SEATTLE – When the Twins were in Baltimore last month, Manny Machado presented Miguel Sano with an autographed Dominican Republic jersey from the World Baseball Classic, with the assurance that they'll be teammates at the next WBC.
But first, Sano is competing with Machado to make another star-studded team.
Sano has pulled ahead of Cleveland's Jose Ramirez, another Dominican, by 97,912 votes, and Machado by 118,836, in the fan voting for the starting spot at third base for the American League in next month's All-Star Game in Miami. Sano's total of 638,952 votes, as tallied by Major League Baseball, carried him past Ramirez, whom he trailed by more than 5,000 in the last updated totals.
"Not everybody can be an All-Star," Sano said. "It's pretty good. I appreciate the moment, the opportunity."
He hopes it lasts longer than a moment, but voting continues until June 29 for the July 11 game. Sano said he wouldn't vote for himself, likely a reflection having to compete with his countrymen. But he hopes fans do.
"I'm just trying to be a leader for the team, maybe that's what the fans see, that I'm being a leader and that I'm contributing to this team," said Sano, whose 14 home runs trail AL leader Aaron Judge by four. "Hopefully that's something that keeps happening, and the fans keep voting for me. I want to thank the fans for voting for me."
His manager, though, is a little leery of the honor. Sano is off to a great start, and Paul Molitor doesn't want his focus to waver.
"It's still early. These things change, and if you get consumed by them, it starts affecting what you're thinking about on the field," said Molitor, himself a seven-time All-Star. "It just can be a distraction, especially when you're trying to make your first one."

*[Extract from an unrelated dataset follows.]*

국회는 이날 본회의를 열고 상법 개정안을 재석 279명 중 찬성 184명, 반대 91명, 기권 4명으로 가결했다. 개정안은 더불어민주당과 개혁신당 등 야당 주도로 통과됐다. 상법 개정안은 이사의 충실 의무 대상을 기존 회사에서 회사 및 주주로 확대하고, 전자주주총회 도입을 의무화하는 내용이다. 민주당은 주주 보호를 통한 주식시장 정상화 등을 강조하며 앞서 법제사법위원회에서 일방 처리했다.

Molitor conceded, though, that Sano seems less prone to losing his focus than he did two years ago.
"I think he's got a lot of people trying to influence him, maybe away from this clubhouse, [telling him] what he needs to do to make All-Star teams and win home run championships and get a long-term contract," the manager said. "He's starting to understand, and have a little bit more mature approach. He's been a big factor in us having a good 50 games. If he keeps that up, he's going to receive a lot of dividends in a lot of different ways."

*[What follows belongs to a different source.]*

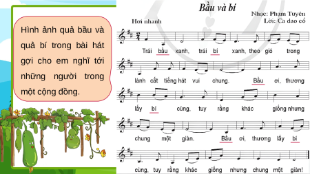 • Câu 1. Hình ảnh quả bầu, quả bí trong bài hát gọi cho em nghĩ đến ai?

Still, Sano enjoys being a big part of the show. On Tuesday, fans cheered as he finished his round of batting practice, having rocketed several homers into the upper deck in left field.

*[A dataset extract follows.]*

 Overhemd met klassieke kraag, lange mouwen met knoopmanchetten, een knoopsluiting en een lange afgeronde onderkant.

"When you start trying to hit home runs to get to an All-Star Game, it usually isn't going to take you very far," Molitor warned. "You have to try to play your game and help your team win."
That's what he's trying to do, Sano agreed. But no harm in admitting that he'd like to be honored with a midseason trip to Miami. Oh, and before anyone asks:
"I'd like to be in the home run derby," he said.
Polanco on bereavement leave
Jorge Polanco left Safeco Field shortly before batting practice, headed to the airport and a 12-hour flight home to the Dominican Republic.
Polanco's grandfather, Maximo Polanco, died Tuesday. Polanco will be placed on the bereavement list and "he's going to take the time he needs," Molitor said. "I told him not to put a deadline on the return."
Polanco was raised for a time by his grandparents, and was particularly close to his grandfather.
"He loves his grandfather," Sano said after talking to his teammate. "It's very hard for him."
Said Molitor, "I understand his relationship was parental in some ways. It's been weighing on him the last week or so. We just told him to go take care of himself and his family."
The Twins called up Kennys Vargas from Class AAA Rochester.
Kyle Gibson will start Thursday against Seattle, and Ervin Santana will pitch Friday in San Francisco, Molitor said, a reversal of the plan he had contemplated before arriving in Seattle.
"We were trying to decide about taking advantage of the extra days when you can get them, because it's a long season," Molitor said, and his team is in the midst of a 45-games-in-45-days stretch. With an off day Monday, he decided not to keep Santana on a five-day schedule.
"We're going to have to grind away here with a lot of games coming up," he said, "so an extra day is good."